Alkanes and Cyclic Compounds

• Alkanes: Saturated hydrocarbons with single bonds. Low reactivity. Substitution occurs with halogens under UV light.

• State Change with Length:

  • $C_1$ to $C_4$: Gases at room temperature ($25\,^\circ C$).

  • $C_5$ to $C_{15}$: Liquids at room temperature.

• Cyclic Alkanes: Alkanes in an acyclic ring structure ($n \ge 3$). General formula: $C_nH_{2n}$. Slightly higher melting and boiling points than linear alkanes.

• Structural Isomers: Compounds with the same molecular formula but different atomic arrangements (e.g., hexane, 2-methylpentane, 2,2-dimethylbutane).

Questions & Discussion

• Do Now Exercises:

  • Name the compound with a 5-carbon chain and a methyl branch on the 3rd carbon: $3\text{-methylpentane}$.

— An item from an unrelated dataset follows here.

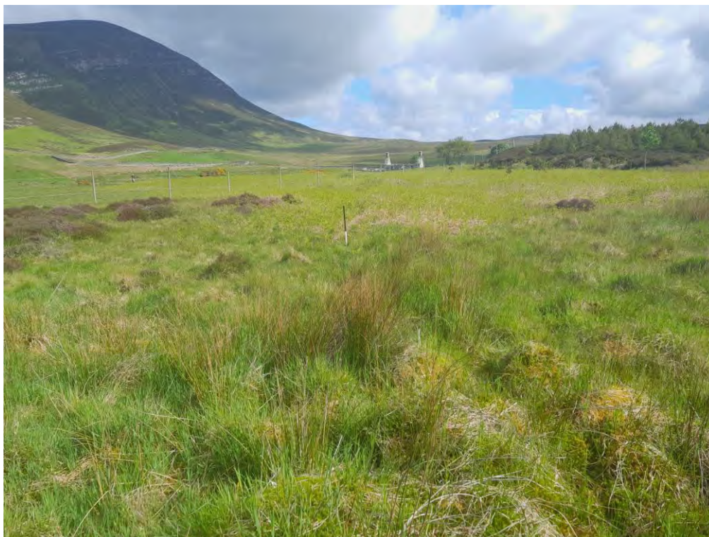
Plate 287: Dyke (Asset 425), facing north

  • Define structural isomers: Compounds with the same molecular formula but atoms arranged/connected differently.

• Testing unknown substances: If a substance decolorizes orange bromine water instantly, it is an alkene. If it requires UV light and is slow, it is an alkane. If bubbles are produced when added to a carbonate, it is a carboxylic acid.